Which was handy for a conman, but Moist hadn't always been a conman. Sometimes keeping track of all the places he had made those first impressions at as falling into either the 'before' or 'after' camp became tiring. It was easier once he ditched the name. It had been by far the most distinctive thing about him, and nobody seemed inclined to connect the young woman in possession of the frankly unfortunate name they'd met the first time around to him once he started telling them his name was John, or Harry, or something equally inane.

None of them had ever needed to be permanent. It wasn't in his line of business.

*

He enjoys performing. There's absolutely nothing better than a crowd, especially one that can turn on a pin between cheering you on and baying for your blood. Everything else is just trimmings, or at least that's what he thinks when he's in _front_ of the crowd.

Of course there's one less layer to it all nowadays. No need to make sure he's got his limp right, or remembered the glasses, or that he turns around when he hears the right name. There's still plenty to do- if he's being himself and "himself" is a liar, then it's not as though it has to be easy, or worse, boring- but it's still him doing it and nobody else. He tries to find the thrill in standing, as exposed as he's ever been, with his own name and his own face in front of people, at least one of whom might have an iconograph at any given time. Then he finds that this is actually a bit too thrilling and crosses the line into nerve-wracking, never a good place to be when you're in the business of selling to people, and puts that aside.

There are still things to do even without the personas. He focuses on them. Get the walk right, square your shoulders, pitch your voice and never worry about those couple of inches you wish you had. It makes it feel more normal, but now he's thinking it about himself and not whoever he's playing, feeling like a fraud takes on an uncomfortably personal bent.

*

He'd bought a razor when he was seventeen, and laughed off any remarks about it being useless for someone with a baby face like his. "Call it a future investment," he'd said, and kept laughing when they didn't shut up because a man who can take a joke at his own expense is a man people like to keep around for the sake of their own self esteem. Safer to smile and nod.

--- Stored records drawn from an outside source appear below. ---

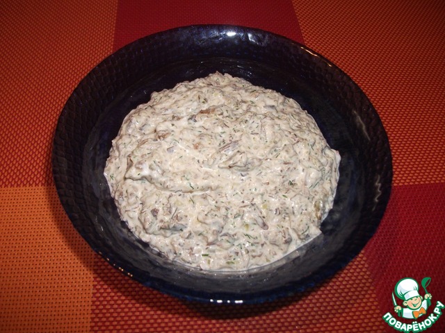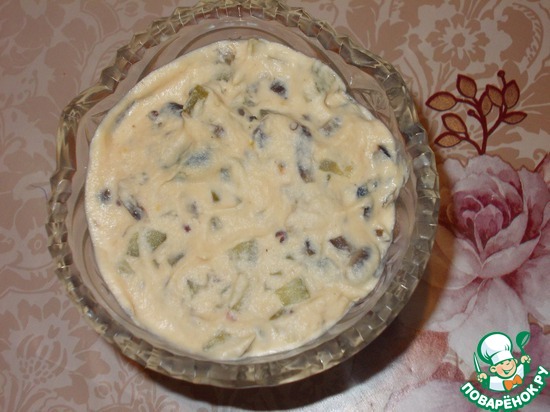 Добавляем их в наш соус, если соус получается густой, то можно еще добавить немного маринада от корнишонов, мне в данном случае этого делать не пришлось.
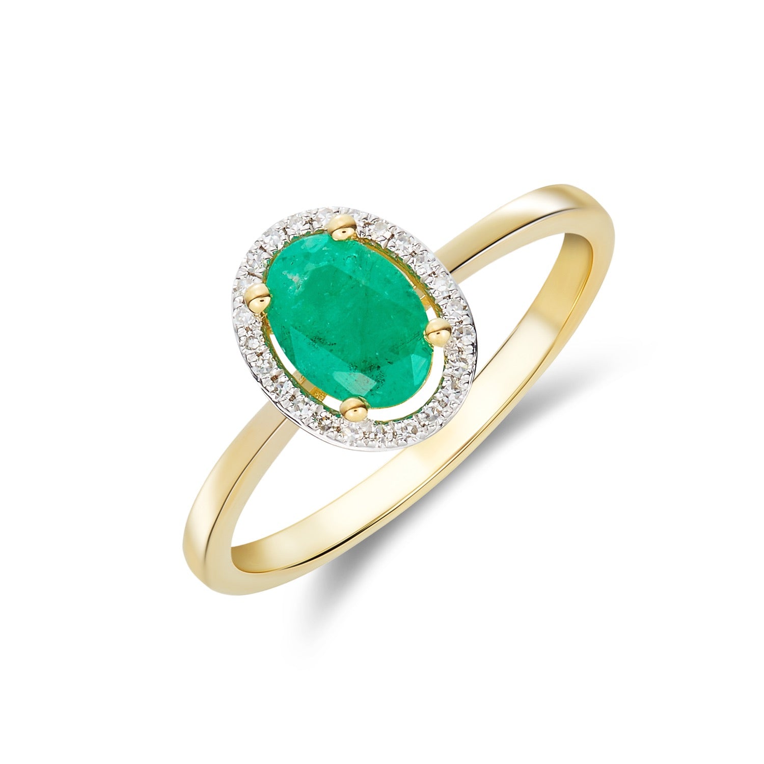 9CT Yellow Gold Oval Emerald & Diamond Halo Cluster Ring 7x5mm
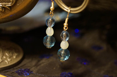 Add a touch of elegance to your evening with these beautiful, handcrafted, Ocean Droplets Earrings. Shimmering shades of blue gems with silver findings. £10.45
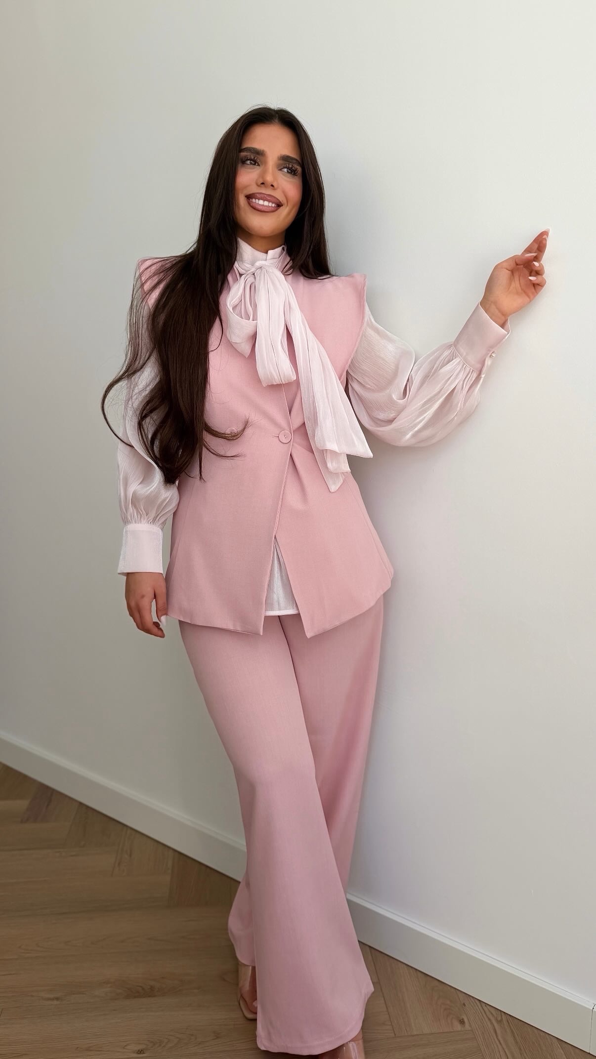 Gecombineerd met de chiffon blouse pink
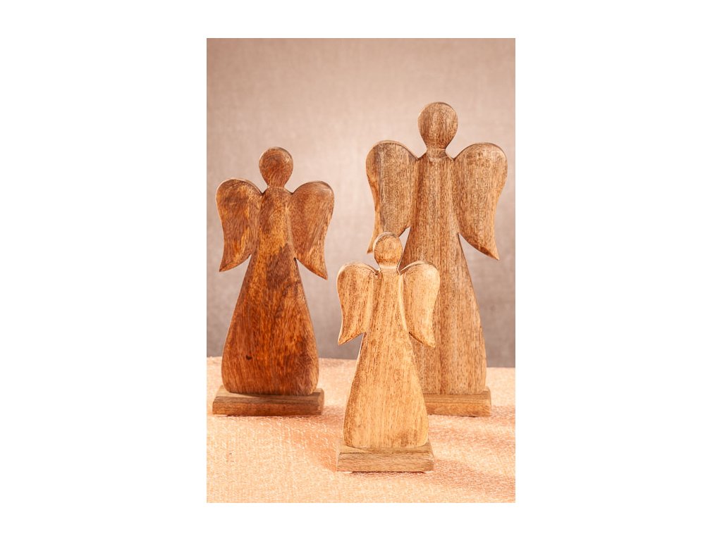 Tento dřevěný andílek je vysoký 27 cm a je vyroben ze dřeva mangovníku, které je obzvláště pevné a velmi odolné. Snadno jej poznáte podle jeho teplého vzhledu, krásné barvy dřeva, charakteristické struktury vláken a skvěle zapadne do každého interiéru.

On the bright side he never actually has to replace the razor, which certainly saves him money. It's a positive from that perspective, albeit only from that one.

*

He expects Adora to put up considerably more of a fuss when he tells her, and is equal parts relieved and confused when she doesn't. Then he wonders if he'd explained correctly. One small, traitorous part of him is almost starting to regret not running when he'd had the chance, as quickly as he pushes it back down. Adora just fixes him with the level stare she has and strikes a match against the wall with practiced ease.

"I heard you the first time," she says, lighting up what has to be her fifth cigarette in half an hour. He never happens to see her buy them; they just seem to... show up. And she never runs out, either. Her depths are ineffable. Possibly her pockets are magical. "There's no need to go on, you know."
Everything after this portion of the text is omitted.